Please provide the following information when requesting support.
• Hardware NVIDIA A5000x8
• Network Type (Detectnet_v2)
• TLT Version (Please run “tlt info --verbose” and share “docker_tag” here) format_version: 2.0 / toolkit_version: 3.22.05 / v3.21.11-py3 detectnet_v2_train_resnet18_kitti.txt (7.0 KB)
• Training spec file(If have, please share here)
• How to reproduce the issue ? (This is for errors. Please share the command line and the detailed log here.)
I’m trying to train a custom detection model using resnet18 for 4 classes (cars, pickup, truck, tir (another truck type). My issue is that the model seems to not be working properly, I have multiple detections for the same object.
I tried to train with a batch size = 1, but the mAP will be 15-20%.
I used a script to resize them. They are all 1280x720 and the labels are correct. Dataset size:
b’car’: 26098
b’truck’: 4378
b’tir’: 2842
b’pickup’: 765
b’truck2’: 2662
b’van’: 713
I had some warnings but I removed all the objects that had issues. It works fine with 4 batch sizes per GPU, and min_learning_rate: 5e-06, max_learning_rate: 5e-04, but I don’t like the results, even if the mAP is good.

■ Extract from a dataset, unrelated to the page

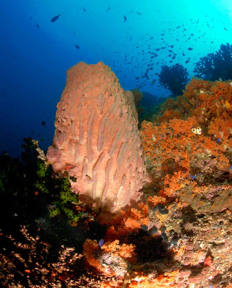 Флора и фауна: золотые и фиолетовые anthias, chromis и рыбы-ласточки, кальмары, каракатицы, мурены, eagle скаты и рифовые акулы.

Below are the results for the first train, and after retraining it became better, but I have multiple detections for the same class. For example, I got two detections on the truck with a car label and a truck label when I use: !tao detectnet_v2 inference. This is the case for multiple images that I used for inference. I checked all the images, they are correctly labeled. Any idea why or if there is anything that I can try?
Validation cost: 0.000286
Mean average_precision (in %): 74.7897
class name average precision (in %)
car 78.9247
pickup 57.8026
tir 89.1348
truck 73.2968
There is no update from you for a period, assuming this is not an issue anymore. Hence we are closing this topic. If need further support, please open a new one. Thanks
Could you try to run inference against some of the training images?